Overnight Trading – Calm Before the FOMC:  Markets were generally quiet overnight as investors await today’s FOMC policy decision.  Inflation in the U.K. unexpectedly ticked up from 1.8% to 1.9% in February on higher food and video game prices, but remained below the BOE’s 2.0% target.  In Japan, Prime Minister Abe told parliament that he believe the BoJ’s 2% inflation target was beneficial and that he had confidence in BoJ Governor Kuroda’s ability to achieve the target.  After years of missing the inflation target to the  low side, there have been calls for the BoJ to adopt a target inflation range or lower the target.  The Japanese government, concerned about the impact of an October sales-tax hike, cut its economic growth forecast. Despite the gloom, Japan’s Nikkei 225 was one of the few stock markets in the black overnight, up just 0.2%.  Eurozone stocks are down 0.6% while U.S. stock futures are slightly positive heading into the U.S. trading day.
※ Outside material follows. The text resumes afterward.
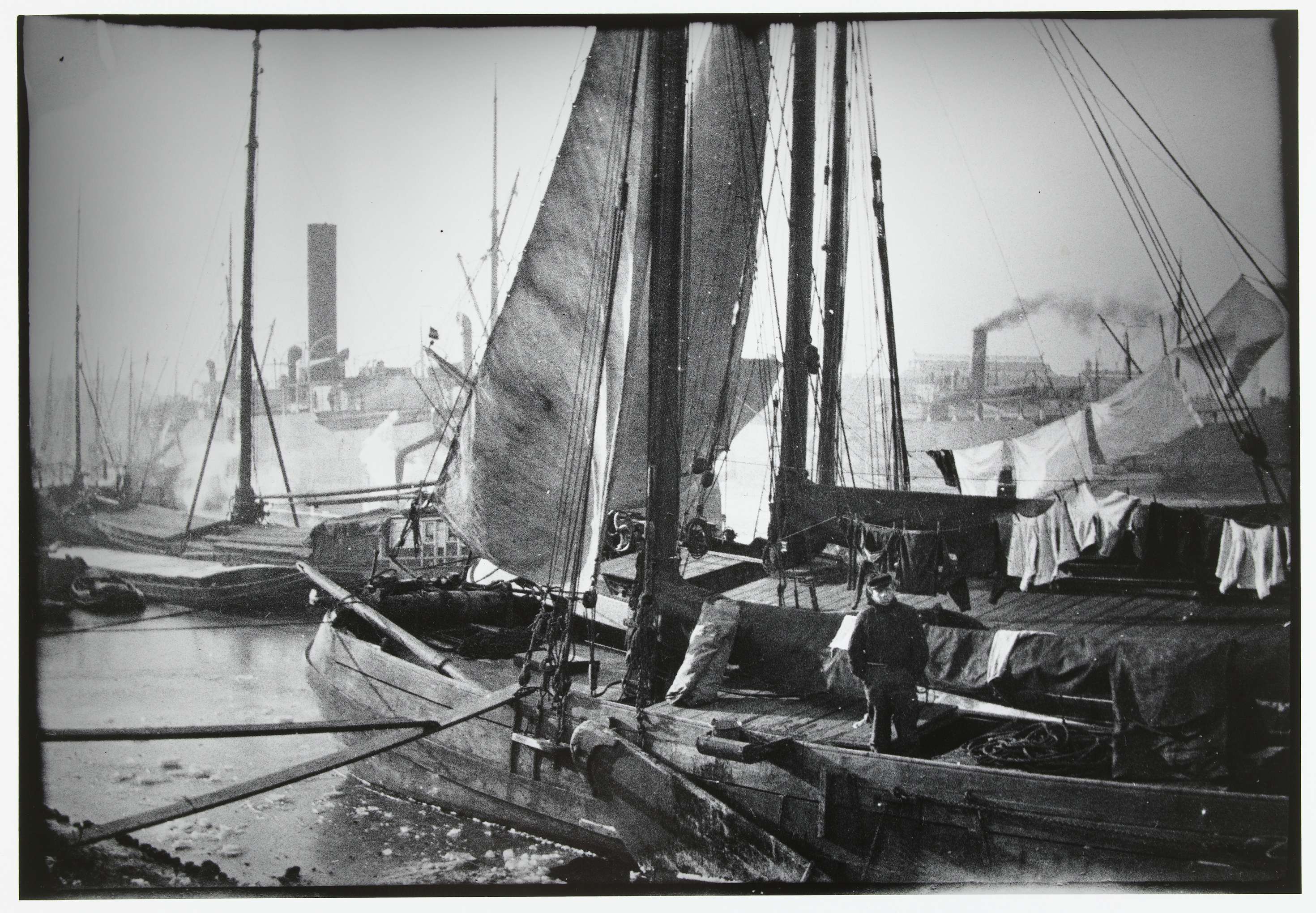 Gezicht op een scheepswerf op het Prinseneiland in A...

Treasury yields are down 2 bps overnight, with the 10-year yield coming into the day at 2.59% and the 2-year yield down to 2.45%.

 

NOTEWORTHY NEWS

Factory Orders Report Shows Weak Consumer Goods Orders But Confirms Stronger Business Activity: The Census Bureau reported that new orders for manufactured goods rose 0.1% in December, weaker than the expected 0.3% gain.  Orders for consumer goods were weak, down 0.5% MoM and 3.8% over the past three months.  Unfilled order for consumer goods also fell, the sixth consecutive month showing fewer unfilled orders.  On a positive note, the final revision confirmed the unexpectedly strong 0.8% MoM increase in core capital goods orders, an indicator of future business investment in equipment, despite the weaker ISM Manufacturing Index for February.  Moreover, the report also confirmed the 0.8% MoM increase in core capital goods shipments, a measure of business investment used in the calculation of GDP.  The January data paints a less encouraging outlook for the consumer; but, the rebound in capital goods orders and shipments provides optimism that businesses are continuing to make capital investments despite all of the trade uncertainty.